→ Goal of the exercise:
The answer should hold exactly the lines of the entries below from the one containing "Grifería monocomando para Lavatorio alta" through the last line, both included.

Dataset records: Begin

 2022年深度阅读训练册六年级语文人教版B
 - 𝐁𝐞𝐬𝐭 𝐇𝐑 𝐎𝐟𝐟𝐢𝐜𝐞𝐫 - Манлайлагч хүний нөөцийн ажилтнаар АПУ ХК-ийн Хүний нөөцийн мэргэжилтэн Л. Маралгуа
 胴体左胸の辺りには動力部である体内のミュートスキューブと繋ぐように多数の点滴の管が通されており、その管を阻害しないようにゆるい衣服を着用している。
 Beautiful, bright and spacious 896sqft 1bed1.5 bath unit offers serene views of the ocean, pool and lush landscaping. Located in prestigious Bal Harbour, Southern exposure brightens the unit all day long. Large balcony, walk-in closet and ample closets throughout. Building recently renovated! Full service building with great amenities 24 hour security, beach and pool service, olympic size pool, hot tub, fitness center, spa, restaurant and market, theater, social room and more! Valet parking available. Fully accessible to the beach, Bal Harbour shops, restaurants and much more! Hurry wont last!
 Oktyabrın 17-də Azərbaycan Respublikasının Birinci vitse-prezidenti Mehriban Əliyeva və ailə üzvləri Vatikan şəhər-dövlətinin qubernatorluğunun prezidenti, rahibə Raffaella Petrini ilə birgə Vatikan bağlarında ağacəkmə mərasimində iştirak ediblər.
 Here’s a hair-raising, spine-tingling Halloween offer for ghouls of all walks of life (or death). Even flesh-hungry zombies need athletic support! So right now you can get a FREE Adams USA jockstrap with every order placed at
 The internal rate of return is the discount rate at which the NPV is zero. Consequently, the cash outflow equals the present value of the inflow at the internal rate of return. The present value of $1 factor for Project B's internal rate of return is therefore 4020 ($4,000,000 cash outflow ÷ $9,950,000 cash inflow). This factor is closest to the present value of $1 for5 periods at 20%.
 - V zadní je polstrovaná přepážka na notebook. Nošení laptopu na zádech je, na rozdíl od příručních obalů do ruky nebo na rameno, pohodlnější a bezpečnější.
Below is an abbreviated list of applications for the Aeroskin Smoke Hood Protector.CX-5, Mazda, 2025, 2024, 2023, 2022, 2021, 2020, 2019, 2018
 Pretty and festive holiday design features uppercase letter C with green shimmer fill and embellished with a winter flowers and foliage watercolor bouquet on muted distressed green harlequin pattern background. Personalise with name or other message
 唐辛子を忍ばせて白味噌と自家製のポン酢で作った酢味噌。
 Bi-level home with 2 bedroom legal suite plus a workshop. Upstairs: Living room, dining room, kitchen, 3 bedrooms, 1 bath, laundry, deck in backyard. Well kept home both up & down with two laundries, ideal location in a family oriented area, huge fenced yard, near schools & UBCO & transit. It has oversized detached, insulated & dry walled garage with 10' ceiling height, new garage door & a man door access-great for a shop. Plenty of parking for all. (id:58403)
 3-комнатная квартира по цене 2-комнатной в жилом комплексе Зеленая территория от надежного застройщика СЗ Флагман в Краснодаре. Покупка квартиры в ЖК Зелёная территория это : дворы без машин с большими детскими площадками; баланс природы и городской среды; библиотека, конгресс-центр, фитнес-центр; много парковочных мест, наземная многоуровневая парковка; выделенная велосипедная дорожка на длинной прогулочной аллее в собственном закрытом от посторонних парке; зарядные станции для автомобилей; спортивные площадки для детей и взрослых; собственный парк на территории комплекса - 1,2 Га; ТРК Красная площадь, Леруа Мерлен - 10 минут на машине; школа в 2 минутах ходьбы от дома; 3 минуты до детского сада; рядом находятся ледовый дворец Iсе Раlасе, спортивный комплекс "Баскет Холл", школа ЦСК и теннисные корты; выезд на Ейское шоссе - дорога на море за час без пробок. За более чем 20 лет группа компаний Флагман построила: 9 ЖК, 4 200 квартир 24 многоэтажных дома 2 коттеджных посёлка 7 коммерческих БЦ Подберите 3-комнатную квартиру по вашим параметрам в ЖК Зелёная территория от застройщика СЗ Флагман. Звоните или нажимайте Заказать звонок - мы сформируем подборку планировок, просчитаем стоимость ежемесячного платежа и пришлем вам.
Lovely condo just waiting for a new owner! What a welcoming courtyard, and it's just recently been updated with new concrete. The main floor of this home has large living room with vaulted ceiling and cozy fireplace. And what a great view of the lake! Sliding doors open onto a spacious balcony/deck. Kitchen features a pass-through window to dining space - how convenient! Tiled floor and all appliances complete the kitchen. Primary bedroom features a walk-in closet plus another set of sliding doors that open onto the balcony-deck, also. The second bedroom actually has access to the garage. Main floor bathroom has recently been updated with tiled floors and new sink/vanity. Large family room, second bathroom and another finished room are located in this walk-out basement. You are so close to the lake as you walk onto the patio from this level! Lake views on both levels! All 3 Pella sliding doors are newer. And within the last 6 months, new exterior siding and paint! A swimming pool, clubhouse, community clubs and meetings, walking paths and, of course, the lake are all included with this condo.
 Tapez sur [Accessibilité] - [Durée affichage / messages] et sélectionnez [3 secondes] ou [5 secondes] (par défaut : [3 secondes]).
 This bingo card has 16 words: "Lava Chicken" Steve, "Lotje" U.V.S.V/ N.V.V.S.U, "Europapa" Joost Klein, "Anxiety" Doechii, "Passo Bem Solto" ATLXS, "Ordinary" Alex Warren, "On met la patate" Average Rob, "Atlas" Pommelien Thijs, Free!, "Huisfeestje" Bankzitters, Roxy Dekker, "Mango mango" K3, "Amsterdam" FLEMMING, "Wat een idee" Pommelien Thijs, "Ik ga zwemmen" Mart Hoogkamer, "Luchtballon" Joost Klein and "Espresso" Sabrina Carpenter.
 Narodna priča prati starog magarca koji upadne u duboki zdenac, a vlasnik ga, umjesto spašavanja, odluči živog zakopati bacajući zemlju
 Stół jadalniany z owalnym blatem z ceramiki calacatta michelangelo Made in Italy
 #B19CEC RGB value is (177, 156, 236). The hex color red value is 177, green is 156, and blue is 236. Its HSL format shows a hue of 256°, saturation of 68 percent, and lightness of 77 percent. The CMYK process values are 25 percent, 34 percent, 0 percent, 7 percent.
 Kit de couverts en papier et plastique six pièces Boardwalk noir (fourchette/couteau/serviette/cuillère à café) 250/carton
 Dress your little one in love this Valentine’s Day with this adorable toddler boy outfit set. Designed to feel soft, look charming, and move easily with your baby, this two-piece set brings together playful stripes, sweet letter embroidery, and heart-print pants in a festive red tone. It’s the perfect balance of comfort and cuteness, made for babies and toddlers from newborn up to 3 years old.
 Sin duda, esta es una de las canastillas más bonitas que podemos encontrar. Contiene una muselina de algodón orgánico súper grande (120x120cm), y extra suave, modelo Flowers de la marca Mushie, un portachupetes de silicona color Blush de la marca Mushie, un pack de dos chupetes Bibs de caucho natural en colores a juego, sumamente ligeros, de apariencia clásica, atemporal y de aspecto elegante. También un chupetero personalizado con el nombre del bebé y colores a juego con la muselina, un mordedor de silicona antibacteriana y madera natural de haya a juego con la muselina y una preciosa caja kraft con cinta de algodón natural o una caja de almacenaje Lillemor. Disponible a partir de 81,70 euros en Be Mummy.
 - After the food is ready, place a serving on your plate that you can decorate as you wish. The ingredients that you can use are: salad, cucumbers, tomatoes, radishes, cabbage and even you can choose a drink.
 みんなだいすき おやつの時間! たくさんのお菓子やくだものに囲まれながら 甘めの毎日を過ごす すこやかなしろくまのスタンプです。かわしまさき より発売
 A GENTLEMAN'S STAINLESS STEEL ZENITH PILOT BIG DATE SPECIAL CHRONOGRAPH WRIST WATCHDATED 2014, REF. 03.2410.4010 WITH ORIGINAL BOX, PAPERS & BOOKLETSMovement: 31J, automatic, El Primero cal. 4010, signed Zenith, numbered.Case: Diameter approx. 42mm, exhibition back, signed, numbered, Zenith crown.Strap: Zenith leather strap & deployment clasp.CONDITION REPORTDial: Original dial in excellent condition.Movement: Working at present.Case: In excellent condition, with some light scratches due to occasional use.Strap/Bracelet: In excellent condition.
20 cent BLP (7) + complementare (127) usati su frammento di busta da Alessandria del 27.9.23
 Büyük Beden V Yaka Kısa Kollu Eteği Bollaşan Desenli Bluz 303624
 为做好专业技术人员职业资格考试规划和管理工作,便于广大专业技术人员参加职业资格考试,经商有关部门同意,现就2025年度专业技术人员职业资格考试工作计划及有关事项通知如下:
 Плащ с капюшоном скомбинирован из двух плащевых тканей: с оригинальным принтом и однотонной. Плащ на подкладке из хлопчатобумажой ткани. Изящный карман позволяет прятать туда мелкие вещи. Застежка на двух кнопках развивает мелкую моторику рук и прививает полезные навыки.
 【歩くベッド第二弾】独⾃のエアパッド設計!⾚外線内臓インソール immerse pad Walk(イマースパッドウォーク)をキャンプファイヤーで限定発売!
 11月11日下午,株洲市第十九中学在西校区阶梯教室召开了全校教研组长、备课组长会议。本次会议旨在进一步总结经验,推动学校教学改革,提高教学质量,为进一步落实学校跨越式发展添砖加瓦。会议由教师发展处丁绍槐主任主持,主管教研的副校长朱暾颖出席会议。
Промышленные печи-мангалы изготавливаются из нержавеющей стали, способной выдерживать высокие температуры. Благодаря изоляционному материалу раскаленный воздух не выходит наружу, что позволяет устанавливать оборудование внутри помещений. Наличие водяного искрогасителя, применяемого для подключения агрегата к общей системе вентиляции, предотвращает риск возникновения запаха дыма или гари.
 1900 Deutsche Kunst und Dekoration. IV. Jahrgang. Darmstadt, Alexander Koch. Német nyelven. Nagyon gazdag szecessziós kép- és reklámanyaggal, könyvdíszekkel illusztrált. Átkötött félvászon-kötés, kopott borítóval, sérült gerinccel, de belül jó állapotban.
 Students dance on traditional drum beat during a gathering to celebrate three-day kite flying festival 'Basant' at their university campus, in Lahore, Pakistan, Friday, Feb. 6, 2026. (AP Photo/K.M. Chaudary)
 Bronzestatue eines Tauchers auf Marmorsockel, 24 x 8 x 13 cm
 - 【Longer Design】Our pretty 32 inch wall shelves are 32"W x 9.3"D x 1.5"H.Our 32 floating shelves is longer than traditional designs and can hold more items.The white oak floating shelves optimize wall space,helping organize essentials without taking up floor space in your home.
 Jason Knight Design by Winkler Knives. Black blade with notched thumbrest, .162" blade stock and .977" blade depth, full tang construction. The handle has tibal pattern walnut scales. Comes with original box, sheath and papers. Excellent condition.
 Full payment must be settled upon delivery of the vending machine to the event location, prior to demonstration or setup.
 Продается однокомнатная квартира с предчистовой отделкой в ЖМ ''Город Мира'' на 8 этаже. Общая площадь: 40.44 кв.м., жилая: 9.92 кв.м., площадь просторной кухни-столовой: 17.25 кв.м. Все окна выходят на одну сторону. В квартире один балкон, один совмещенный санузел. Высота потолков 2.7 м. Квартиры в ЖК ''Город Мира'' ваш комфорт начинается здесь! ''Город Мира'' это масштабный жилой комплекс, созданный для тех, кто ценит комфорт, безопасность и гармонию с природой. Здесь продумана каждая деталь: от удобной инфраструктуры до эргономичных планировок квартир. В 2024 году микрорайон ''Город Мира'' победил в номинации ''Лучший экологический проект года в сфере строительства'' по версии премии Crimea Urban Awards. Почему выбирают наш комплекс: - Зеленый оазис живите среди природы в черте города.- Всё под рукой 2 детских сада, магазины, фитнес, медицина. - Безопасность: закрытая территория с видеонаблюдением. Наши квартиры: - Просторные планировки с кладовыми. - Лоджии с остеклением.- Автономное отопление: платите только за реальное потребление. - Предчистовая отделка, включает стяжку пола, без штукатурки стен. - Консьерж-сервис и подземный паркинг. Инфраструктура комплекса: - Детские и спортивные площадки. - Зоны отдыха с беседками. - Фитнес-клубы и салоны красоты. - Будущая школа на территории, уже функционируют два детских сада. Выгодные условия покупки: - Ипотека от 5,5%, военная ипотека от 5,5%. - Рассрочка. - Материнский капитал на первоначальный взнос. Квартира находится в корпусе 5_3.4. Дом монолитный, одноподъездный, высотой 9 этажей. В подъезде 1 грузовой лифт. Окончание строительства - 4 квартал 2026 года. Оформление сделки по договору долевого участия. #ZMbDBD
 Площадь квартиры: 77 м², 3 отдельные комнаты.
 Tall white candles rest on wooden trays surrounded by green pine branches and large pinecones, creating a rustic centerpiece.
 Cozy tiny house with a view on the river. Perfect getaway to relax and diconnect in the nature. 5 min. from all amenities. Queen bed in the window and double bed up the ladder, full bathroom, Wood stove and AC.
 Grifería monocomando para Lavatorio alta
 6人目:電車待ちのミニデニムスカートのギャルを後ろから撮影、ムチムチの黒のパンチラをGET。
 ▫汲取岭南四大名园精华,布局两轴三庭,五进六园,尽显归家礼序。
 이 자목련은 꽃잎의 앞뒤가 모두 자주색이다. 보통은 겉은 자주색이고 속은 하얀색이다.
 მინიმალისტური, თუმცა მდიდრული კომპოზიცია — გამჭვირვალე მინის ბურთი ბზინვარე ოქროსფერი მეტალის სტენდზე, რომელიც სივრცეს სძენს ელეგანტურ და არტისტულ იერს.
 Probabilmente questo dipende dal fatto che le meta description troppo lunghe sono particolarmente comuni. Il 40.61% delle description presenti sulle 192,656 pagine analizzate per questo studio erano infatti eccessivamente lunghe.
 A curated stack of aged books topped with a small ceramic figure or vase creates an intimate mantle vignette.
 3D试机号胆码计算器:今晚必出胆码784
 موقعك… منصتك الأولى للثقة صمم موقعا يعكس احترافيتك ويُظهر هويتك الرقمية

Dataset records: End

→ Solution to the problem:
 Grifería monocomando para Lavatorio alta
 6人目:電車待ちのミニデニムスカートのギャルを後ろから撮影、ムチムチの黒のパンチラをGET。
 ▫汲取岭南四大名园精华,布局两轴三庭,五进六园,尽显归家礼序。
 이 자목련은 꽃잎의 앞뒤가 모두 자주색이다. 보통은 겉은 자주색이고 속은 하얀색이다.
 მინიმალისტური, თუმცა მდიდრული კომპოზიცია — გამჭვირვალე მინის ბურთი ბზინვარე ოქროსფერი მეტალის სტენდზე, რომელიც სივრცეს სძენს ელეგანტურ და არტისტულ იერს.
 Probabilmente questo dipende dal fatto che le meta description troppo lunghe sono particolarmente comuni. Il 40.61% delle description presenti sulle 192,656 pagine analizzate per questo studio erano infatti eccessivamente lunghe.
 A curated stack of aged books topped with a small ceramic figure or vase creates an intimate mantle vignette.
 3D试机号胆码计算器:今晚必出胆码784
 موقعك… منصتك الأولى للثقة صمم موقعا يعكس احترافيتك ويُظهر هويتك الرقمية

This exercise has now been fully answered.